Кирсанов же в войну был штурманом бомбардировочной авиации.
Но даже после таких, казалось бы, благоприятных для сближения обстоятельств стоило матери сказать: «Сережа, я выхожу замуж за Виталия Андреевича и надеюсь, вы с ним поладите, он хороший человек…» — как мальчик насупился и, ни слова не сказав, вышел из комнаты.
Забившись в дальний угол двора, между штабелями досок, он зло думал: «Все без меня решила. А я для нее пустое место… „Хороший человек!“ Так что мне с ним — целоваться?! Может, он и штурманом не был…»
Вечером сказал матери, подыскивая слова побольнее:
— Напрасно ты бросила папу… Он лучше…
Раиса Ивановна даже не нашла, что ответить.
Сказать правду об отце? Что распустился, шатался по ресторанам. Докатился до взяток. Когда же она возмутилась этим, крикнул: «Если хочешь, живи сама на свой профсоюзный максимум!» Нет, не станет Раиса Ивановна обо всем этом говорить, и она только повторила:
— Виталий Андреевич — очень хороший человек.
Нужен ему этот «хороший человек»! Сергей хлопнул дверью.
Теперь сын стал вздорно ревновать ее к Кирсанову. Хотел только с ней одной идти в кино, не любил, если она надевала новое платье, подозревая, что это сделано для «того».
Услышав, что Виталий Андреевич получил квартиру, Сережа наотрез отказался переезжать туда.
— Я к нему не поеду, — прижав подбородок к груди, угрюмо объявил он матери.

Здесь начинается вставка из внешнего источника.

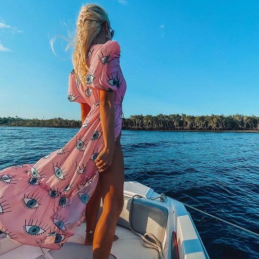 Wrinkle-free Pink Eyes Chiffon Dresses Sexy Short Sleeve 2021 Summer Beach Dress Women Beach Wear Swim Suit Cover Up D1

— Почему? — Круглое лицо Раисы Ивановны побледнело, густые темные брови словно свела судорога. — Почему все же? Могу я знать хотя бы это?
— У меня есть отец, — холодно ответил мальчик, глядя ей прямо в лицо. — Я хочу жить с ним.
Раиса Ивановна от обиды, возмущения расплакалась: «Вот, пожалуйста!.. Весь в папочку! Напрасно ты думаешь, мерзкий мальчишка, что я и дальше подчиню всю свою жизнь тебе».
Передав Виталию Андреевичу разговор с сыном, Раиса Ивановна горестно воскликнула:
— Ну и пусть остается у бабушки!
Виталий Андреевич не согласился;
— Ему лучше жить с нами…
Он очень хотел этого не только потому, что искренне привязался к мальчику, но и потому, что знал, как дорог тот Рае.
Сережа с матерью заканчивали обед, когда к ним пришел Виталий Андреевич. Он был в простенькой клетчатой рубашке с закатанными рукавами, открывающими тонкие мускулистые руки, отчего выглядел моложе своих лет.
Раиса Ивановна при виде его обрадовалась, ее мать приветливо закивала:
— Заходите, заходите… Может, пообедаете?
— Спасибо, Анастасия Семеновна, только что обедал… Вот арбуз, пожалуй…
Он сел к столу, рядом с хмурым Сережей, стал рассказывать о проекте нового стадиона в городе.
Когда Раиса Ивановна начала убирать посуду со стола, Виталий Андреевич сказал:
— Сережа, я бы хотел, чтобы ты с мамой, а если пожелает — и бабушка, чтобы все вы жили у меня. Как ты на это смотришь?
Сережа встал из-за стола так, будто его вызвал для ответа нелюбимый учитель, которому он все же вынужден отвечать. Опустив голову, тихо сказал:
— Я не хочу. У меня есть папа.
Анастасия Семеновна всем телом подалась в сторону внука, словно желая оградить его. Раиса Ивановна кусала губы, готовая разрыдаться.
— Хорошо! — решительно объявила она. — Мы сейчас же, понимаешь, сейчас возьмем такси, поедем к твоему отцу, и ты послушаешь, что он скажет.
— Мне можно поехать с вами? — спросил Виталий Андреевич.
— Я даже прошу тебя об этом, — торопливо вытирая руки полотенцем, ответила Раиса Ивановна, — очень прошу.
Мальчик метнул было негодующий взгляд в сторону матери, но не посмел возразить или не подчиниться. Вскинув голову, неторопливо вышел на улицу и до остановки такси, и в самой, машине не проронил ни слова.
Виталий Андреевич, чувствуя, как лихорадочно взволнована жена, тихо попросил:
— Разреши вести разговор мне.
Она, соглашаясь, благодарно пожала ему руку.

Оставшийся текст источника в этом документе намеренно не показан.